The U.S. Coast Guard is expanding its fleet of icebreakers and could be homeporting one of the vessels in Alaska. Icebreakers are built with thicker hulls to navigate the world’s icy, northernmost waters.
The U.S. Senate voted Thursday evening to authorize the National Defense Authorization Act for the upcoming fiscal year.
On a call with reporters Wednesday, Sen. Dan Sullivan, a Republican, said the National Defense Authorization Act for the upcoming fiscal year appropriates $150 million towards buying and converting an existing icebreaker. The vessel most likely would be homeported in Juneau, according to Sullivan.
Sullivan said he hopes it’s the first of many to be someday based in Alaska.
“It should be a series of ports in our state that can homeport an icebreaker, but right now I think this is huge news for our state,” said Sullivan.
The U.S. currently has two operational Arctic icebreakers, both based in Seattle. The Department of Defense announced plans late last year to build a new icebreaker at a cost of $552,654,727.

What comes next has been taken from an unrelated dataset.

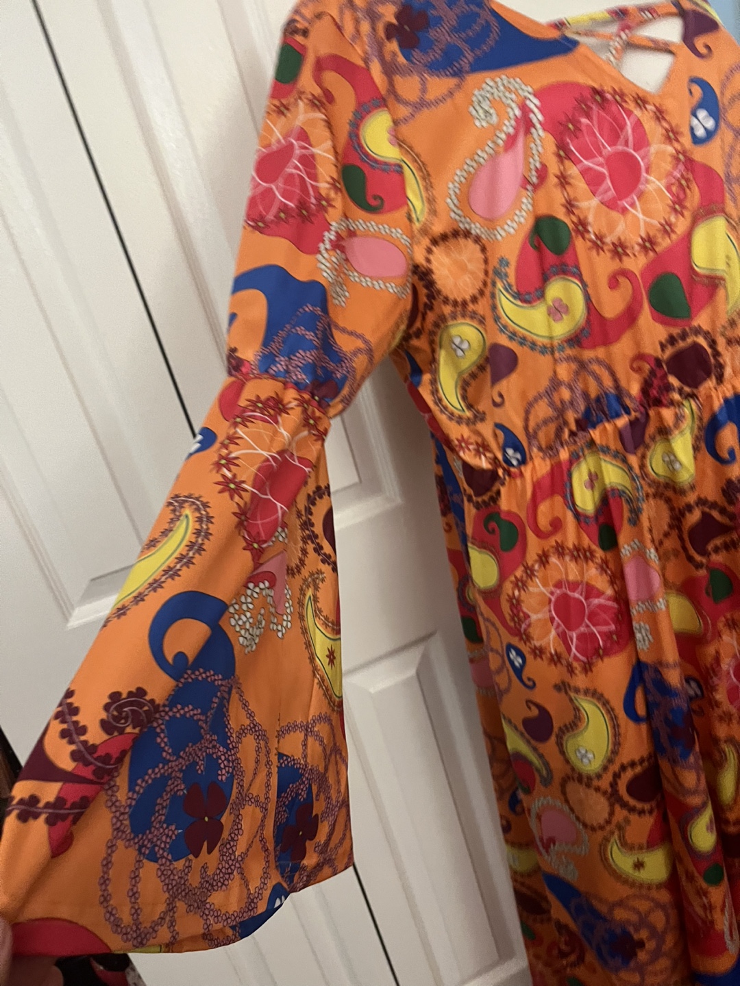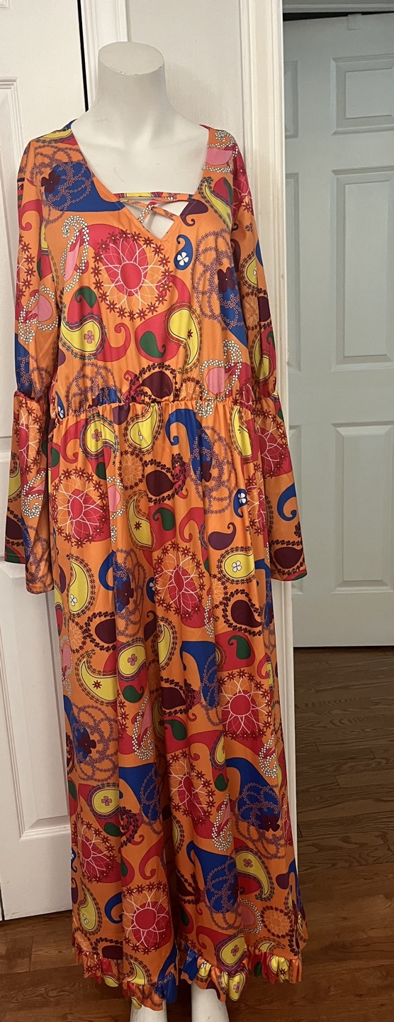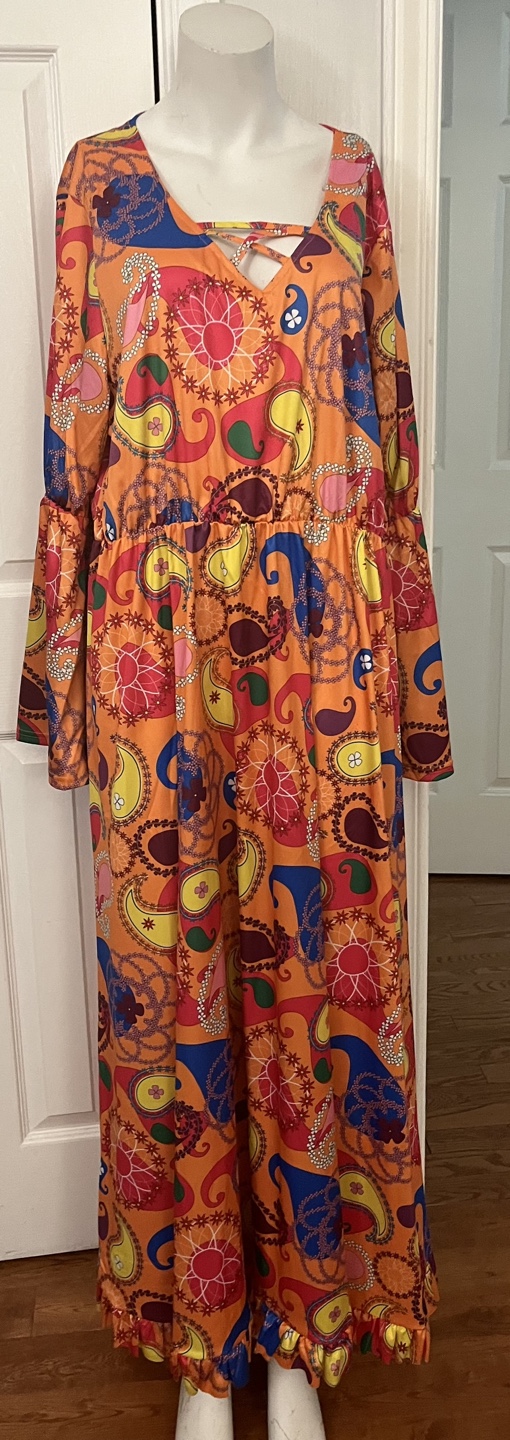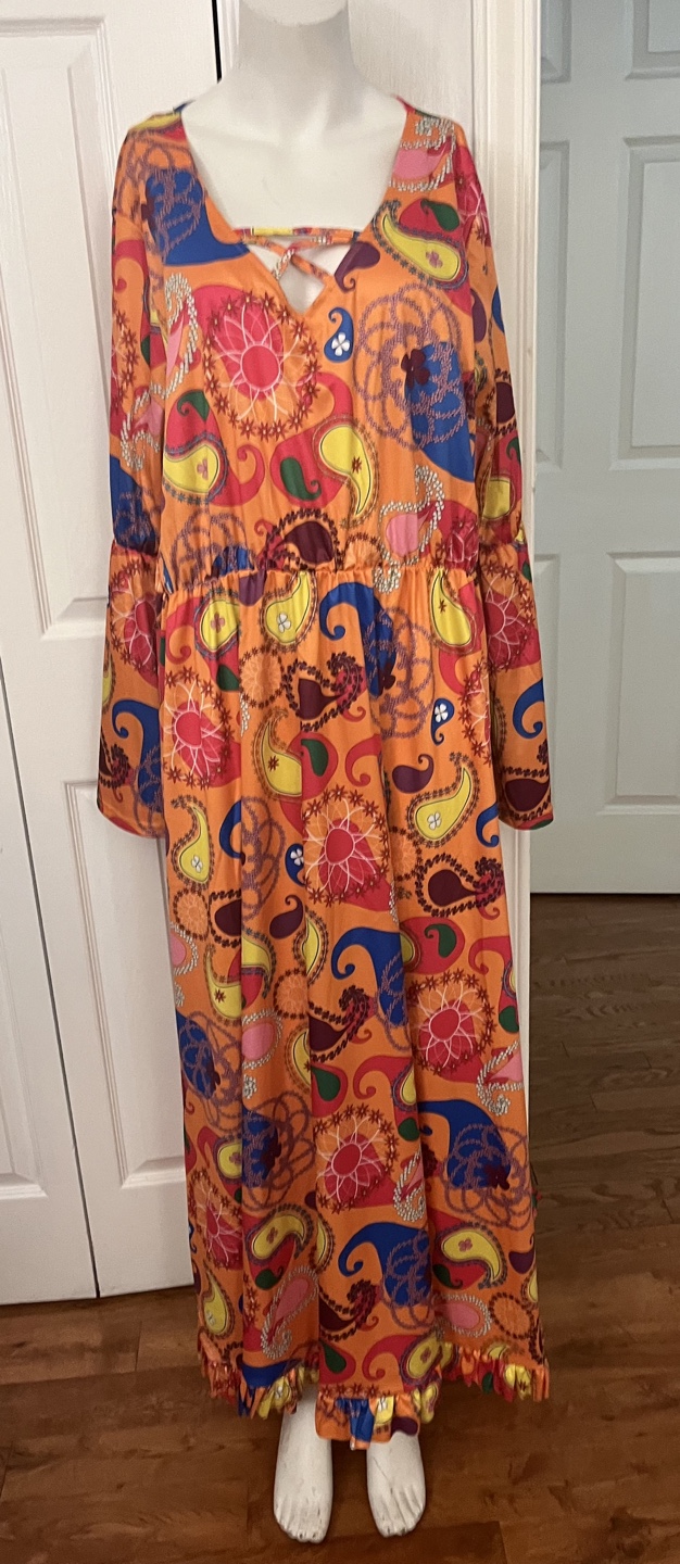 Eye-catching 70s-style maxi dress featuring a vibrant orange paisley pattern and long bell sleeves. Made from 100% polyester, it offers a comfortable fit with a flattering flowy design. Perfect for retro parties, themed events, or anyone who loves bold vintage fashion!
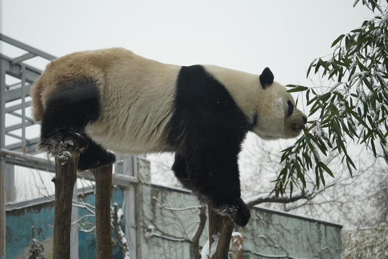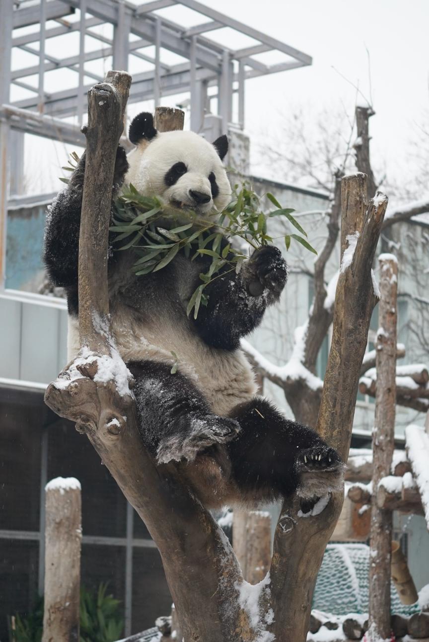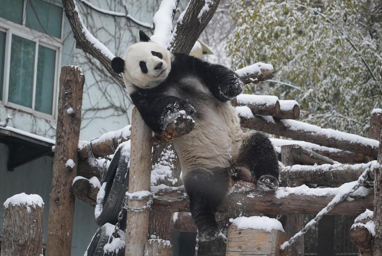 3月5日,雪后的北京动物园银装素裹。大熊猫萌兰看到白雪也兴奋不已,在雪地里登高爬低,尽情打滚玩耍,化身“糖霜小熊”,模样憨态可掬,萌化市民游客。

Sullivan said adding an icebreaker to Alaska’s existing Coast Guard fleet would bring 190 service members and hundreds of millions of dollars in infrastructure spending to the state.
Language in the legislation would also cut down the timeline for purchasing an existing icebreaker from more than six years down to one, according to Sullivan.
Sullivan said adding to the fleet in Alaska is a top priority. Russia has the world’s largest icebreaker fleet, with dozens more than the U.S.
“Everybody in our state intuitively knows we need more icebreakers to promote our security, economic, environmental interests. And if you have icebreakers in America, they should be homeported in the Arctic,” said Sullivan.
Both Sen. Sullivan and Sen. Lisa Murkowski voted in favor of the bill Thursday evening. The final version outlines $858 billion in defense spending. It now heads to President Biden’s desk.